Born Salvatore Loggia in the New York borough of Staten Island, Loggia was the son of two Sicilian immigrants, Elena and shoemaker Beniamino.

He studied at the private liberal arts establishment Wagner College in his home neighbourhood and then went on to study journalism at the University of Missouri, graduating in 1951. From there he signed up for the army, and it was while serving in the Panama Canal region that he had his first taste of screen time as a television and radio anchor on the American Forces Network. Demobbed and back in New York City, he studied acting at the Actors Studio and began to make forays on to the New York stage and into television.
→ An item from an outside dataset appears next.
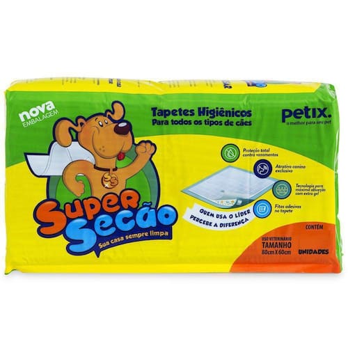 Super Secão Tapete Higiênico resolve o problema de mal cheiro de xixi de cachorro em sua casa. Possui Gel Super Absorvente, Ranhuras, Atrativo, Adesivo, Abas Laterais e Vedação Especial.

Early successes included an uncredited film debut in Somebody Up There Likes Me (1956), the title role in the Disney miniseries The Nine Lives of Elfogo Baca (1958) and the part of Joseph in The Greatest Story Ever Told (1965), while Loggia’s early television repertoire demonstrated the kind of hard-working versatility which would characterise his later years. In his career’s early days he took roles in series like Alfred Hitchcock Presents, Quincy, Little House on the Prairie and The Rockford Files, and continued to work even through the illness of his final years.
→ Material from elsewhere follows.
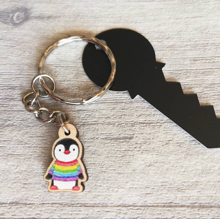A little wooden penguin, in a rainbow jumper, key chain.
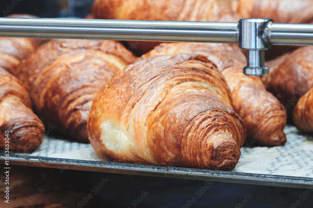 Freshly baked croissant with golden crust sits on tray. Warm, flaky pastry glistens under soft light. Perfect for breakfast or cafe settings. Ideal for food blogs

Robert Loggia was diagnosed with Alzheimer’s disease in 2010, the same year he was awarded the Ellis Island Medal of Honour, an annual award for “outstanding American citizens from all walks of life who have distinguished themselves through significant contributions to the country”; past winners include Rosa Parks, Frank Sinatra and Muhammad Ali.

He died from complications of the disease five years later, and is survived by his second wife of 33 years Audrey, his three adult children from his first marriage, Tracey, John and Kristina, and his stepdaughter Cynthia.

He was comfortable in the role of character actor, he once said, because “I never wear out my welcome.”